First, I checked Oswald Chambers, but that just wasn't really apt, so I glanced through my bookshelf and found Jill Briscoe and a section in one of her devotions entitled "Doing Yesterday".

It fit.

My devotion of the morning, using her words, was about the tendency of ours to replay yesterday over and over and over again, how we could have done different and said different and all the bad things. We avoid God and just try to talk with ourselves, knowing full well we do so just to avoid the words we know are coming to us from God.

It's over.
Move on.

As a writer, I recognize the capacity of one chapter to be six different things depending on perspective. I can change the entire story just by giving it a revision of outlook.

In the same way, each day we are given the opportunity to look back on our words and actions and the words and actions imparted to us. We are given the opportunity to filter them, judge them, color them however we do so choose.

I can look back on yesterday and see the aggravations and set-backs or I can look back on the hidden pieces--like the gem of a student who appeared last-minute and, despite his financial setbacks, is going to make college happen. Or like my sweet housemates who have become to me inseparable friends and confidantes. Or like church friends who seek me out. Or my sweet boyfriend who is willing to be gracious and give me the benefit of the doubt when my hurt communicates messages I don't intend them to mean.

In any situation, there is so much good underlying.

Jill's prayer is for the Lord to help her mind her mind and for the Lord to mind her heart.
It is up to us not to forget and move on or push out of our minds but actively choose to see the world just a little differently and revise our yesterdays just a bit more constructively.

Change what you can change, apologize for any misplaced words or actions, learn what you can, then look forward.

Tuesday, August 11, 2015

David and the Golden Finch

The British don't say "You're welcome".

Unless of course they're greeting you as you enter their dinner party or church or unless they've just done you some unfathomably good deed.

In fact, to say "You're welcome" is nearly offensive, as it connotes to a Brit that you are nearly pompous, that what you've done for them is, actually, an unfathomably good deed.

I had a British friend explain to me that even if her mother had cooked an enormous, extravagant feast, she would still not say, "You're welcome".

So when they do say it (and it's not an arrogant fool of a person), you understand something deeper about the character of the person speaking. It shows, through pomp and circumstance of a small phrase, what they value, what's of pristine importance to them.
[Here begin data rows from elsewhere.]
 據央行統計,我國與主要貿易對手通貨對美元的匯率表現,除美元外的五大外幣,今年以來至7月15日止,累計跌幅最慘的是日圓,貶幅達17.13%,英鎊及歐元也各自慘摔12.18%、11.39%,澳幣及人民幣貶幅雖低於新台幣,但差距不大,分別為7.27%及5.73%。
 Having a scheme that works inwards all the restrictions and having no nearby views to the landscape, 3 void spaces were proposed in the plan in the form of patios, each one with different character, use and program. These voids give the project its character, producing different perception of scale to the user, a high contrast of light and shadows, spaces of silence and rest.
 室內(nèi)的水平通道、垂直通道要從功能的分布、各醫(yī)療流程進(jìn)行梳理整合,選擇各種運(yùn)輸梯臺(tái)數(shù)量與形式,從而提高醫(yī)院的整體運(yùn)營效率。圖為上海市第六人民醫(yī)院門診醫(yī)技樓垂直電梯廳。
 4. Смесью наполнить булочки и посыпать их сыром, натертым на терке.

I have often spoken before of my man David in Belfast.

David the quiet.
David the humble.
David the steadfast and hardworking.
David the kind.

When David spoke to me or showed me something, he had my entire attention, such was the unobtrusiveness of the man. If he requested my focus, it was important.

One day, David was in the kitchen, which had big sweeping windows all along the side wall looking into the front garden, and called me in when he heard me close by.
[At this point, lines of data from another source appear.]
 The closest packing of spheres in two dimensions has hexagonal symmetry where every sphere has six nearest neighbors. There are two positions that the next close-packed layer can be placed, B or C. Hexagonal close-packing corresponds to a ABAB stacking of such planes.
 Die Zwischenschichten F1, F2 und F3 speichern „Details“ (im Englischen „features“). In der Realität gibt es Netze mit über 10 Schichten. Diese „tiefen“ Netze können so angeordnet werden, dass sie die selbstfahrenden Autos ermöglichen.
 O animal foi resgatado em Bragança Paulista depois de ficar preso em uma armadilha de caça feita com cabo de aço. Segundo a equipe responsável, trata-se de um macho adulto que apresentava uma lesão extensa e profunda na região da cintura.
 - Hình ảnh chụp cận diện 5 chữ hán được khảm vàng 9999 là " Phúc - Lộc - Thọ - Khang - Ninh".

"See them finches there in the tree there? Them's golden finches. Haven't seen 'em here for ten years near."

"Uh...oh? That's great."

And he told me about the finches. And then he was done telling me about the finches.

I was half out the door back to my books when I remembered to thank him (as one should always do when a non-share-er shares) for showing them to me.

From the kitchen, I heard a quiet, "welcome".
You could have pushed me over with a bird bone.

It was the first time I had ever heard David say that word.
And it was said over finches.

My next text was to my mother, who was equally nonplussed till I told her what he'd said after.

The finches are a big deal.
Nature and creatures and creation is of great value to my master gardener friend.

He notices the living world with acute detail and stores it up.
To be let in to what fills his heart most was a great honor.

I didn't know it was an honor and a privilege until his final word, though.

In an episode of "The Office", Andy Bernard says (in my recollection of the quote), "I wish there were a way to know you were in the golden years when you're in them".

There are moments when the opportunity for connection is right there and we don't realize it. Sometimes, if we jump fast enough, we can catch them. Other times, though, they fly away like finches.

It was a lesson to me to listen, not just to the words but to all the pieces of the context and the speaker I'd gathered before.
Listen with your whole self and mental history. Hear behind the words when your people speak to you. Hear their hearts and values and interests. Hear them.